Bike lanes coming to Oak Street this summer

When Oak Street is repaved this summer, it will end up with more than fresh new pavement. After City workers are done laying down the new surface, they will add two new dedicated bike lanes and remove the parallel parking on the north side of the corridor, allowing the area to connect with a planned network of walking and bike paths called the Emerald Trail. They will also narrow the lanes of traffic from 20 feet to 10, which City officials said would help reduce the speed of traffic.

The reconfiguration of Oak Street will be done by remarking the road at the end of the paving project.

During a community meeting conducted June 4 via Zoom and hosted by Riverside Avondale Preservation (RAP), the second meeting to be held recently on the topic, City officials presented more information including economic data and a parking study, to community members and District 14 City Councilwoman Randy DeFoor. During the first meeting on May 30, DeFoor had asked for a parking study to see how parking would be impacted.  Some business owners had been concerned about parking for their businesses but also supported the idea of more pedestrian and bicycle traffic in the area. Bicyclists, meanwhile, were thrilled.

At the second meeting in June, participants learned that 76 spaces out of more than 1,000 spaces in the area would be removed. Jacksonville Transportation Planning Division Chief Laurie Santana said the loss of parking would be distributed throughout the entire corridor, a little bit on each block.

The section of Oak Street being repaved fronts several businesses including Hair Peace, Snap Fitness, attorney firms and the Publix in Riverside, as well as residences. Business owners in the area have voiced opposition to losing parking, including a partner with the law firm Finnell, McGuinness, Nezami and Andux P.A., located at 2114 Oak St.

Patrick McGuinness said he did not attend the meeting because he was not notified about it, but upon learning after-ward that plans were moving forward, he was disappointed.

“Basically, myself and my partners are opposed to it,” he said. “I regret that we are losing the spaces on the north side, but if that is all, at least we are not losing them on both sides of the street. I’m not against bicycles, I just don’t want it to be at the expense of all the parking.” 

Jacksonville Chief Traffic Engineer Chris LeDew said he received concerns from community members and questions about traffic calming, but that traffic calming would not be part of the project and the speed limit will remain 30 miles per hour.

 LeDew said the narrower lanes would give drivers unconscious ques to slow down, but that the neighborhood could petition later for traffic calming measures. 

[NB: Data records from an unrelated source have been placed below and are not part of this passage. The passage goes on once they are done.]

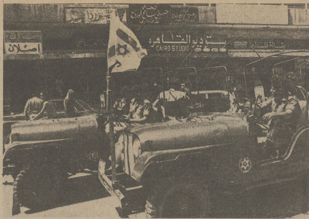
NABLUS, JORDANIA. — Żołnierze izraelscy patrolują dzielnicę miasta w czwartym dniu po ogłoszeniu godziny policyjnej, ażeby zapobiec demonstracjom przeciw okupacji izraelskiej w 20-tą rocznicę niepodległości Izraela.

Podobny wypadek zdarzył się przed dwoma miesiącami, gdy strażnik zauważył zmianę kaucji z $18,000 na $6,000. Więzień powiedział, że żona wpięła kaucję zastępcy szeryfa. Żona, jednak, którą przesłuchiwali detektywi powiedziała, że wręczyła pieniądze adwokatowi. W trzecim wypadku więzień zabrał papiery do umywalni i zmienił kaucję z $17,000 na $7,000.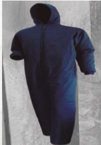
OVEROL ENTERIZO EN TELA CAMPERO DE LAFAYETTE, Y TELA 30100 NACIONAL(ANTI- RASGADO), TRES CAPAS IMPERMEABLE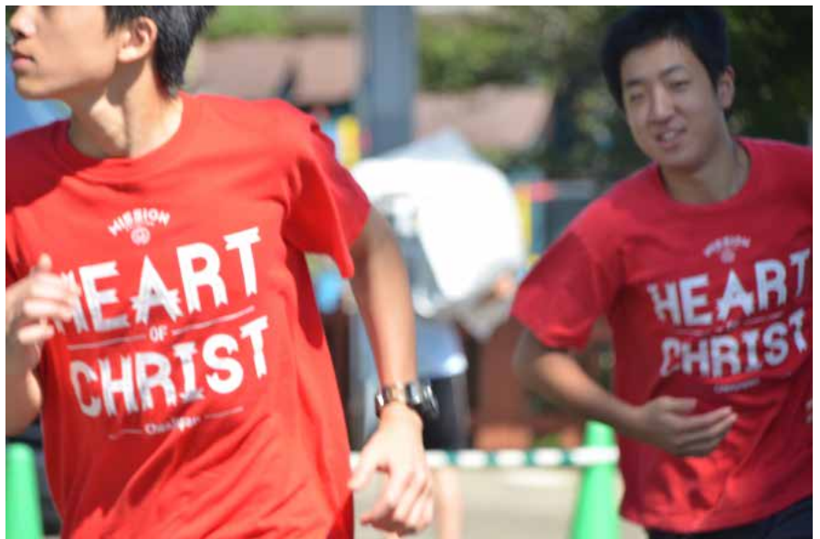
チアの若者・親たちが、2週間のソーシャルメディア断食に挑んだ！ (2月中旬 ~ 3月上旬にかけて)

ハレルヤ！ 皆さん、お元気ですか。今、気温 39 度の暑いロサンゼルスから、日本に向かう飛行機の中です。先月、チア・サポートスクール保護者会で、「Impact！ どうやって、この世界をキリストにあって変革していくのか？ — ソーシャルネットワークと友達依存へのチャレンジ」と題して分かち合わせていただきました。希望した親とティーンたちに「2週間のソーシャルメディア断食」を実験的に行いました。単に、「ソーシャルメディア」と縁を切ってみようということではなく、今後、社会に福音のインパクトを与えていくために、キリスト以外のあらゆる支配から脱却する体験をしようという試みです。一言で言えば、とても良かったです。チャレンジの皆さんたちからのレポートも毎日、届きました。その内容が、とてもすごいです（13 ページ以降参照）。今回は、あえてチアの広域企画とはせず、小規模で試みました。今後、主のタイミングで、チア全体でも、「ここから」出発、前進できたらいいなと楽しみに思い祈っています。

“I think for a residential area in places like this, it is a very good thing to do. It fits in with the area,” LeDew said. “It’s an opportunity to make what a lot of us think is a positive change at a time when it won’t cost us very much money. The surface is going to be ground up and put there. We have to put fresh pavement down. Unfortunately, the clock is ticking, and we are going to have to add (traffic calming) in the future.”

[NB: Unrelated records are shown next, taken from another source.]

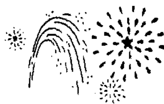
メモリー花火打ち上げ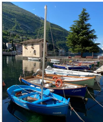
Das „neue“ Zollhaus am Hafen in Torbole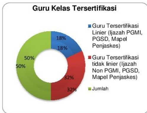
Grafik 1.1 Guru Kelas Tersertifikasi di MI Muhammadiyah Kabupaten Magelang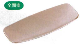
7-1138-20 (81016180) ¥1,950 布袋おしぼり受け 木質 銀塗裏黒 185×87×18

Karissa Moffett, Jacksonville’s bicycle and pedestrian coordinator, told participants Oak Street would ultimately connect with the planned 17-mile Emerald Trail as well as the Fuller-Warren pedestrian bridge slated to be finished at the end of summer or early fall this year. Groundwork leaders are planning to eventually expand the trail to 30 miles of linked bike and walking paths that would connect several neighborhoods including Riverside and San Marco as well as the Brooklyn and LaVilla neighborhoods. Groundwork recently received a $30,000 grant to begin the first phase of the project, part of  a public-private project to make the City more walkable as a whole.

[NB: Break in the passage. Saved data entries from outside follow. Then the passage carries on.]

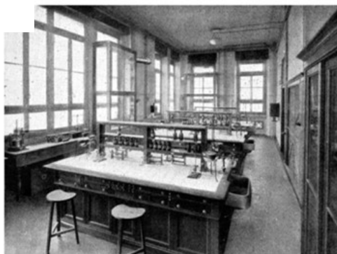
La Clinica del Lavoro e il Laboratorio di Chimica, 1910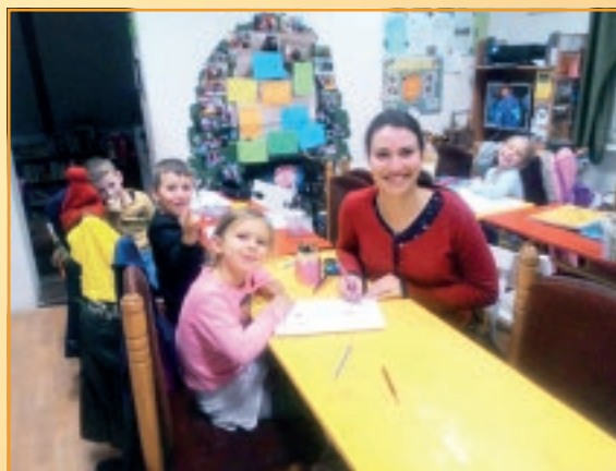
Naša bývalá študentka na návšteve na hodine.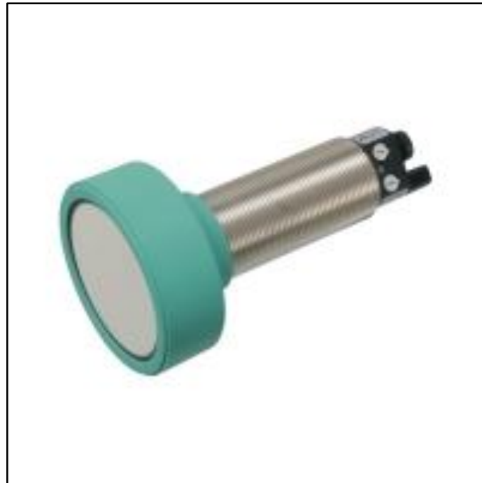
Slika 15. Ultrazvučni senzor

Ultrazvučni senzor može uočiti željeni objekt u udaljenosti raspona od 0,8 do 6 m i prazan prostor veličine od 35 do 120 cm (Sedlar i sur., 2014). Posebno je upotrebljiv i koristan u mladim nasadima i nasadima koštičavog voća jer posjeduju veći razmak među stablima. Korištenjem raspršivača sa ultrazvučnim senzorima za detektiranje prisutnosti stabla može se ostvariti ušteda zaštitne tekućine u rasponu od 30 do 50 % (Pozder i sur., 2018.).

Bicyclists and others who attended the meeting were supportive. That included neighbors and RAP Board Member Nancy Powell.

“When you look at Riverside Avondale, there are really only a few streets that are wide enough that will allow this. We don’t have that many streets where that could happen, two six-foot bike lanes. I think that is something we should keep in mind and leverage the current assets we have,” Powell said.

Gretchen Ehlinger, a community participant, agreed. 

“We are a family of cyclists, and we don’t live there, we live across the river. Since those bike lanes have gone in, it has made it so much easier for our family to get into San Marco and get over the other side of the river. I grew up in Minneapolis and you can bike around the entire city. That has been amazing, to see the number of neighbors in the neighborhoods on bikes. We have done this for years, and you have so many people in and out of the Publix parking lot and it is nerve-wracking. I am in support of this to make this a more bikeable part of our city.”

DeFoor supported the project as did RAP, which DeFoor said means the project will move forward. “The RAP Board of Directors considered public comment and voted to support the plan,” said RAP Executive Director Warren Jones.

“You always have competing interests between the business parking and the residential parking and the bikes and the runners,” DeFoor explained. “I have to tell you: Change is hard, it just is. You have a lot of competing interests here. You have parkers, you have business owners, you have bikers, you have runners. We have to make a decision, and I think we need to do it now. If you take all of the interests with all the parties, I think the right decision is moving forward with it. If I am wrong – and I don’t think I am – but if I am wrong, we can address it, but everybody from the City – this is their expertise.”